BEGIN

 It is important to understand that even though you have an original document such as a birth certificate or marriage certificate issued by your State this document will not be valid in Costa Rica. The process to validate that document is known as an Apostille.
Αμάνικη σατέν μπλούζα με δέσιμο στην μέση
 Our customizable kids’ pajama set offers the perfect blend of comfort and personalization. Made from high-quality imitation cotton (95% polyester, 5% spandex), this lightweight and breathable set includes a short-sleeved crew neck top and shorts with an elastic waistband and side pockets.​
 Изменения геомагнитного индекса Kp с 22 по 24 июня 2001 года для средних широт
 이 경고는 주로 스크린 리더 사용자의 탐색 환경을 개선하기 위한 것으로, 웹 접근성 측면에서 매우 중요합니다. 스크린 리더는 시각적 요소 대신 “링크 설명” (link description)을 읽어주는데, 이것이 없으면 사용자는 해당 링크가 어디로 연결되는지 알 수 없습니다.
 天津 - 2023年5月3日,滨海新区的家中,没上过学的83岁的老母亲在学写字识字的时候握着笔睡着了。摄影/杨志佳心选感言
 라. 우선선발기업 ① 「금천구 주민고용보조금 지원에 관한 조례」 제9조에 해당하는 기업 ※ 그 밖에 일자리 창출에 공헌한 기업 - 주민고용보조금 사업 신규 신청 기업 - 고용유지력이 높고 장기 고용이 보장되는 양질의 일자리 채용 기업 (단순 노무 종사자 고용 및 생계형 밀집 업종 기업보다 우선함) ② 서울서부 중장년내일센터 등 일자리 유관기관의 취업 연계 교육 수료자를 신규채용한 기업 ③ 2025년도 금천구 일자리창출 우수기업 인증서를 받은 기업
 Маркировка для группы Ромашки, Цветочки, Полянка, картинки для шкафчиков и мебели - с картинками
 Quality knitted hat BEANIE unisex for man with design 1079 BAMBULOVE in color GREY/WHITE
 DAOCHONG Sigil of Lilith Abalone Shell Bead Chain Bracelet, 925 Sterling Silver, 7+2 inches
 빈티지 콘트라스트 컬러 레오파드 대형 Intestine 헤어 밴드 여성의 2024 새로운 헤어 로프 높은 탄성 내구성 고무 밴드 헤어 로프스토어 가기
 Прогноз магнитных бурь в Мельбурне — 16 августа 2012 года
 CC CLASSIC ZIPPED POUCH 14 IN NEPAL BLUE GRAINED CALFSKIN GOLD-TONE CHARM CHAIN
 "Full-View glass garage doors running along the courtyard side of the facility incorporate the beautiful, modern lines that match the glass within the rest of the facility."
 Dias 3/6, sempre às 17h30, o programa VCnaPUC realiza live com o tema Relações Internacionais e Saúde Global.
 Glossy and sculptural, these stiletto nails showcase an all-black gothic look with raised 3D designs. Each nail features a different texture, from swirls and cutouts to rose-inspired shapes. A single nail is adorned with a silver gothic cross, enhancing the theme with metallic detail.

END

__Exercise details__
After reading through the records, count the lines that hold the string "side" and give only the count.

__Written answer__
2